# What Happens In a Support Group?



## austinrains23 (Jun 17, 2014)

I just discovered that my college has started a social anxiety support group that will meet beginning next monday. I have worked up the courage to begin going, and I was wondering what happens in these meetings. Hopefully someone who has went through these meetings can tell me the process!


----------



## Grog (Sep 13, 2013)

It's a. It like band camp . 

Ha ha ha


----------



## harrison (Apr 14, 2012)

If it's anything like the one I used to go to everyone sits in a circle and they usually have one or two people running the group. They will sort of introduce the group and tell people not to talk about things that are said outside (for confidentiality), then they either let people talk if they want to or go around the group one by one. 

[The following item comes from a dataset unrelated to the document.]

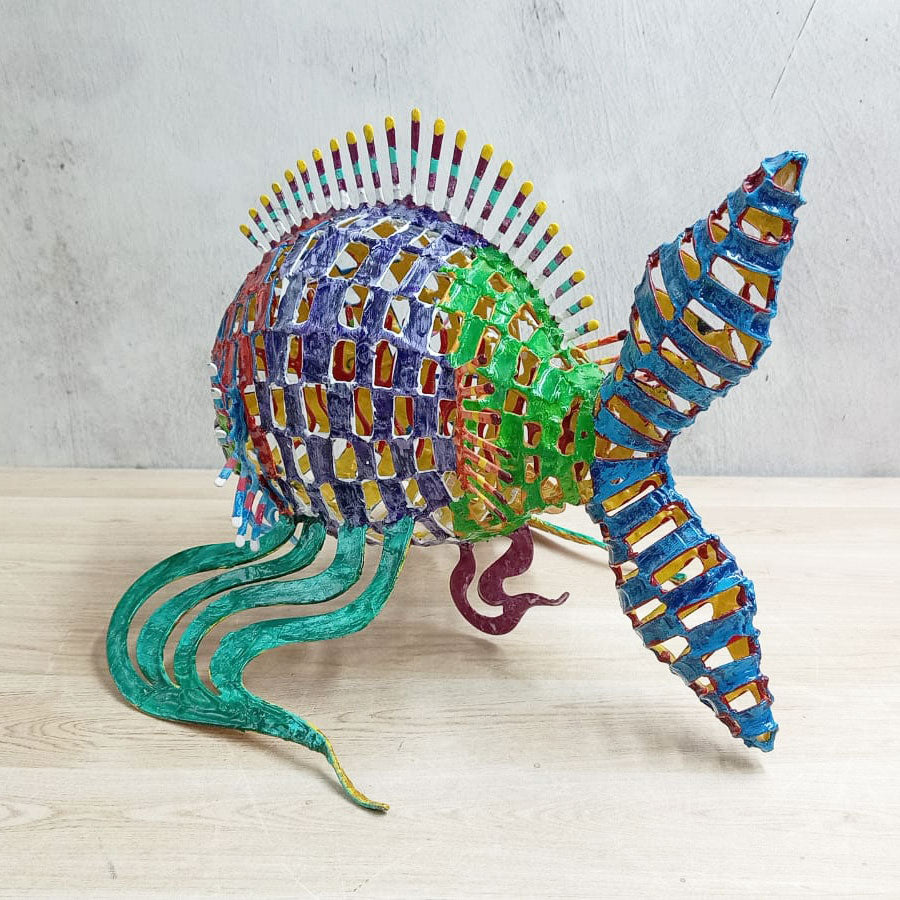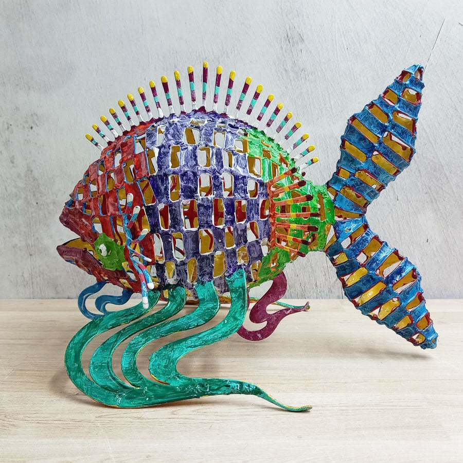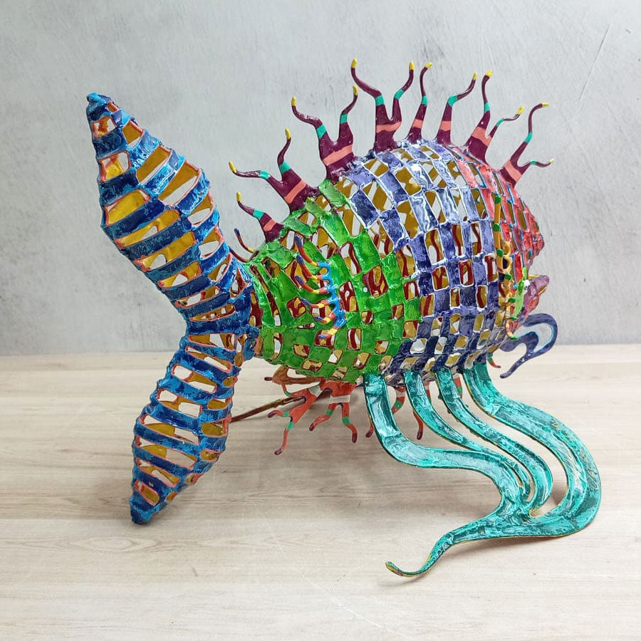 Add color to any space in your home or office with these original sculptures made with a unique technique that consists of a kind of weaving of steel wire of different measurements joined with drop-by-drop welding until the desired shape is obtained and finally decorated and hand-painted with enamels in vibrant colors.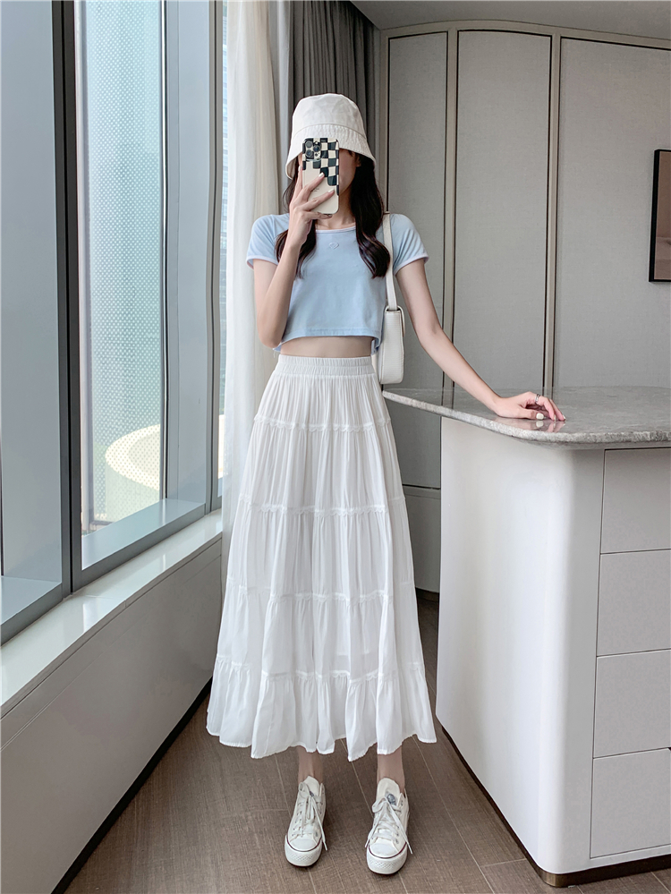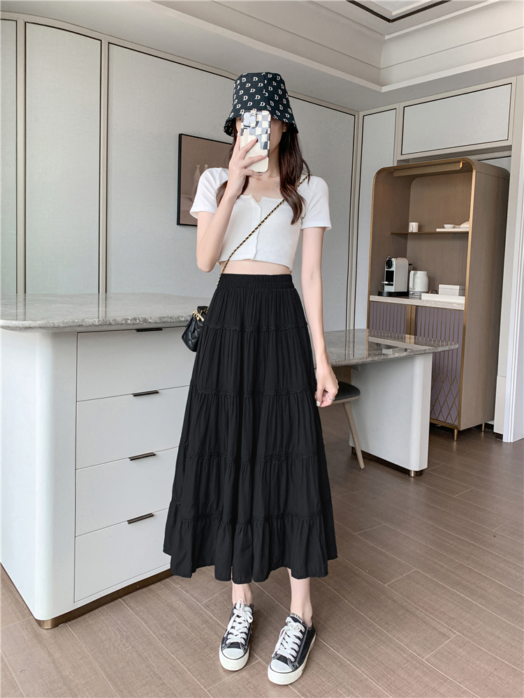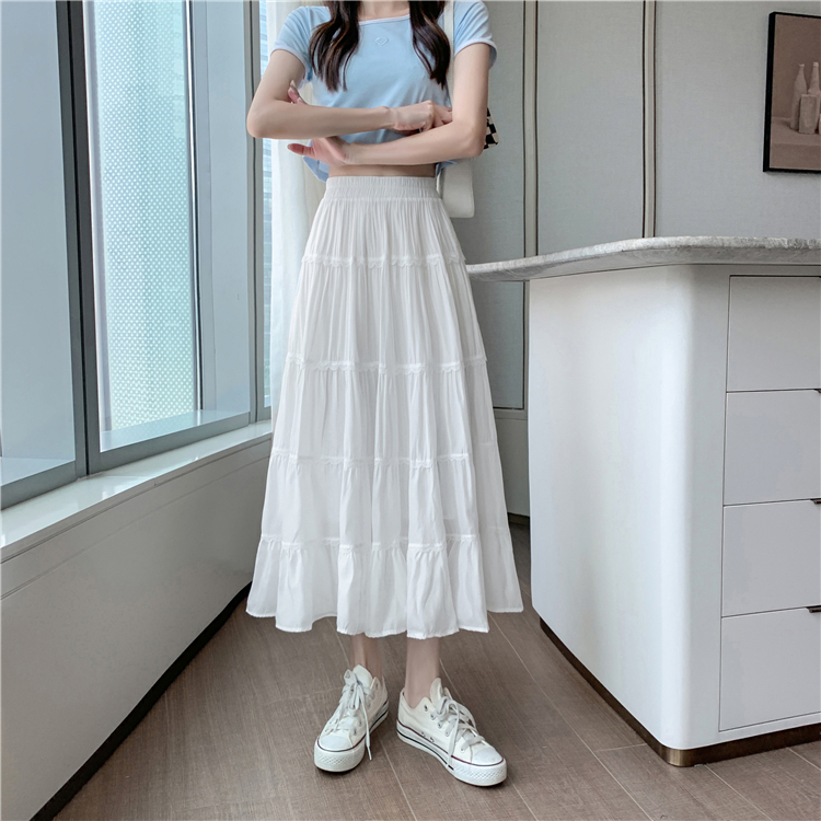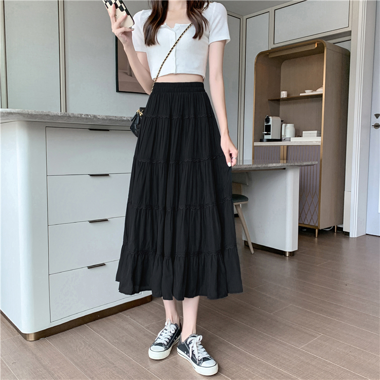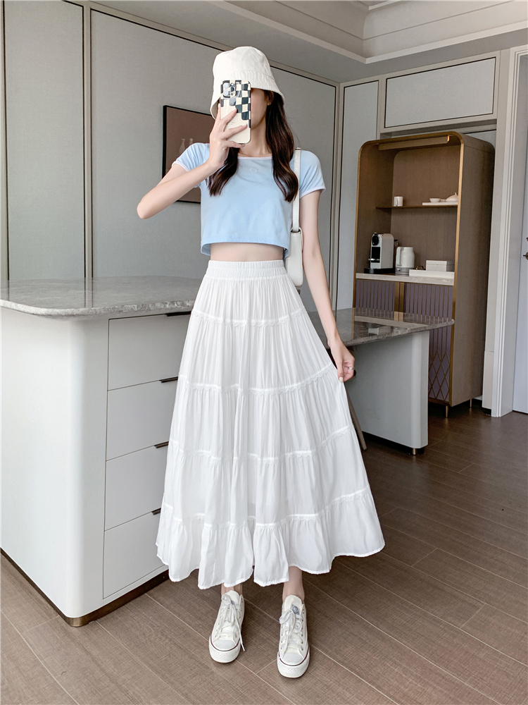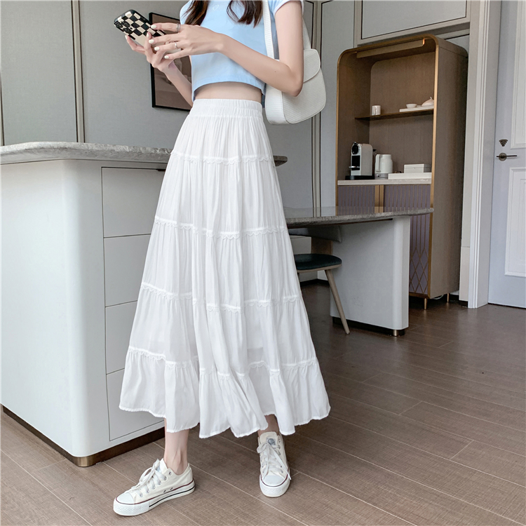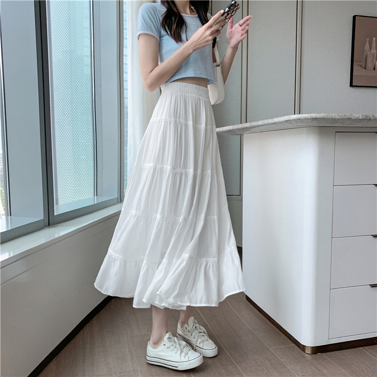 Elevate your summer wardrobe with this stylish women's cake skirt featuring a mid-length pleated design and slimming high waist. The A-line silhouette flatters your figure while offering comfortable movement, making it perfect for warm days and casual outings. Its elegant umbrella shape adds a touch of sophistication, ensuring you look effortlessly chic wherever you go. Embrace both comfort and fashion with this versatile long skirt.

I think if it's a social anxiety group then they wouldn't make anyone speak that didn't want to or feel comfortable doing it. People are usually a bit shy about speaking up in front of everyone else but try not to worry too much because you can always just sit and listen.


----------



## millenniumman75 (Feb 4, 2005)

don said:


> If it's anything like the one I used to go to everyone sits in a circle and they usually have one or two people running the group. They will sort of introduce the group and tell people not to talk about things that are said outside (for confidentiality), then they either let people talk if they want to or go around the group one by one.
> 
> I think if it's a social anxiety group then they wouldn't make anyone speak that didn't want to or feel comfortable doing it. People are usually a bit shy about speaking up in front of everyone else but try not to worry too much because you can always just sit and listen.


Nobody may be speaking, though :lol. It would just be the leaders only.


----------



## harrison (Apr 14, 2012)

millenniumman75 said:


> Nobody may be speaking, though :lol. It would just be the leaders only.


 Yeah, you've probably got a point there John.


----------